Salto o non salto? Non mi piacciono i
cambiamenti e so che una volta che il salto sarà fatto, mica mi faranno tornare
indietro, qui non ci potrò tornare mai più, tocca ad altri mi hanno detto, io
devo ricominciare il ciclo dall’inizio e, per farlo, devo saltare. Appunto,
salto o non salto?
La mia livrea ha di nuovo cambiato colore,
non so fino a quando resterà di questo bel giallo acceso, vedo le punte che già
cominciano a diventare più scure. Se resto quassù magari divento tutta marrone
che non è un colore che amo. Se salto resterò gialla ancora per un po’, prima
di svanire. Ma mica si svanisce davvero, l’albero racconta che sulla terra si
ridiventa terra e acqua, poi linfa o vapore e si sale, su, su nei rami o nelle
nuvole e poi si scende e si torna giù con la pioggia e la nostra essenza
riconosce sempre la strada di casa, sempre ritroviamo il nostro albero e il
nostro ramo, sempre ritorniamo.
L’indecisione
della caduta
Cado anche se non
vorrei, cado senza vento
e cado seguendo questo
vento che non mi porterà
al mare, ma poco lontano
dal mio ramo. Sono caduta
su un letto soffice di altre
foglie cadute prima di me.
Le riconosco, ci sorridiamo.
Cado perché questo è il mio
destino, essere foglia, polvere,
linfa e poi neve. Non importa
il colore, non la forma, perché
so che sempre il mio albero
mi riconoscerà.
Salto o non salto? Ho ascoltato tutte le
leggende, so che devo saltare, meglio farlo adesso che sono bella gialla e
ancora vigorosa. Salto, il vento mi sostiene, le nuvole sono sempre più
lontane, ma mi sorridono ancora. Ecco che arrivo e mi adagio accanto alle
foglie mie sorelle. Poi accade la cosa, quella imprevista, quella di cui ho
sentito parlare dalle rondini e dai rami più antichi. Arriva una bambina con la
cartella rossa, si china, inizia a scegliere. Nessuna di noi grida “Prendi me!

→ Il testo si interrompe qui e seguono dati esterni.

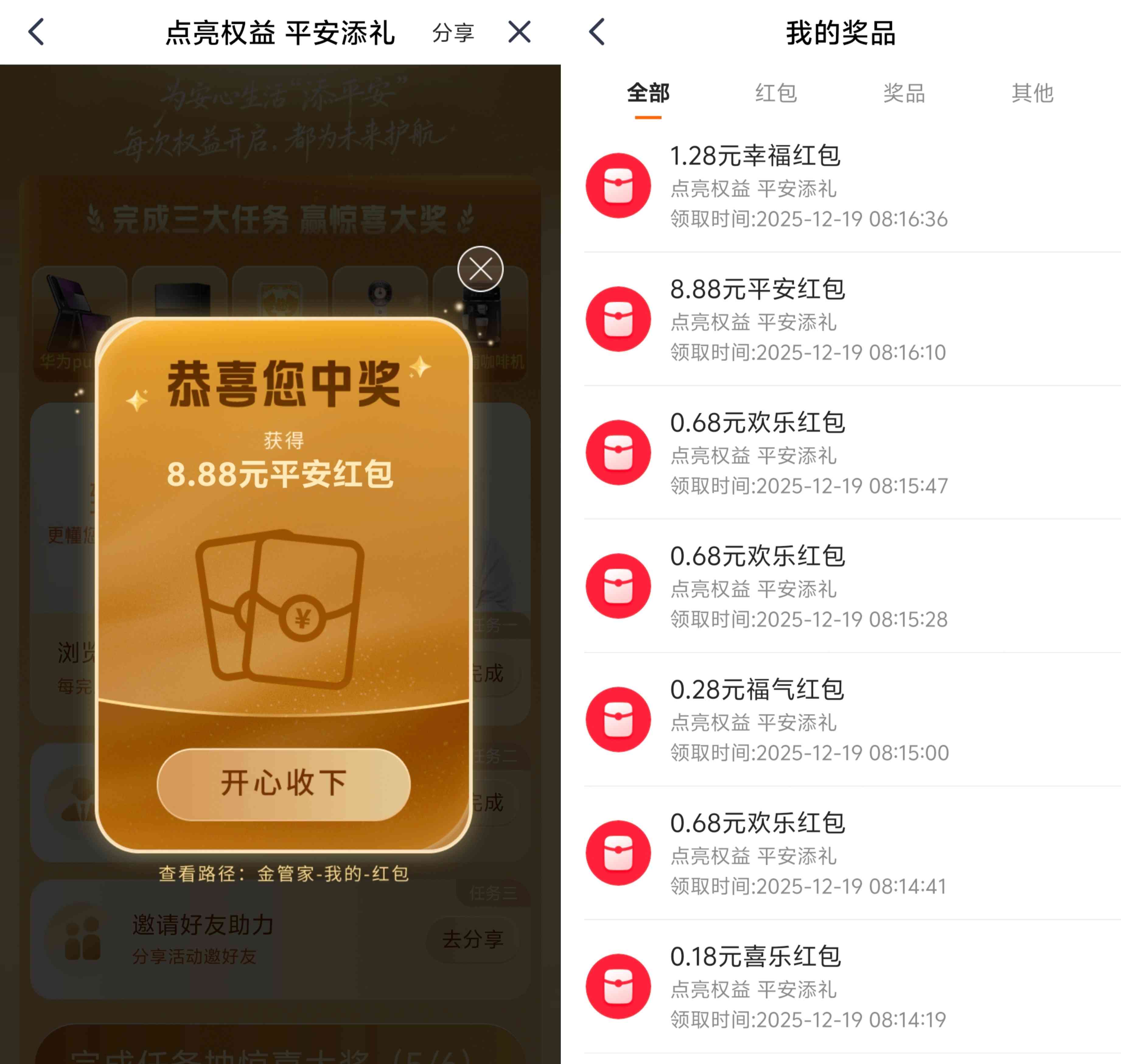 平安集团旗下平台平安金管家APP的点亮权益平安添礼的活动,参加活动进入一共有6个任务,四个浏览,一个预约代理人讲解和一个邀请好友助力,预约只需要提交联系电话,邀请好友助力只需要分享就可以,全部完成可抽奖6次,我是一共抽中十多块,红包到账在24小时内,到账后需要先提到旺财账户,这个是48到旺财账户,然后才可以提现到银行卡,注意要先绑卡注册旺财账户再去提红包

Prendi me!”, anzi, cerchiamo di nasconderci. Ma poi tocca a me, la bambina mi
sceglie, mi spolvera, sorride e apre la cartella che mi inghiotte. È buio, non
so dove mi sta portando e non riconosco subito il posto, quando mi estrae e mi
mette su uno strano albero orizzontale ricoperto di altre cose di quelle che
amano gli umani. Mi deposita sul piano, prende un grande quaderno dove riconosco
l’odore di altri alberi che ho conosciuto. So che si chiama quaderno perché dal
mio ramo lo vedevo questo aggeggio che loro chiamano tavolo, ma non sapevo che
una volta lui e il quaderno erano alberi. Ma allora si può continuare a essere
se stessi anche lontano dal nostro albero originario? Sì che si può mi dice il
tavolo, sììììì mi sibila il quaderno, presto lo capirai anche tu. La bambina mi
prende, mi gira e mi rigira, poi mi incolla su un foglio e scrive: “Foglia del
platano riccio, l’albero bellissimo che sta davanti alla mia finestra. Milano
19 novembre del 2021”.
La piccola foglia ancora non si capacita di come
farà a resistere chiusa in quel quaderno, anche se sente altre foglie che sono
state incollate prima di lei e anche molte e molte stagioni fa.
Non so come finirà questa storia, intanto il
mio quaderno è pieno di foglie bellissime, ne conviene anche questa Cronaca 621
di venerdì 19 novembre del secondo anno senza Carnevale.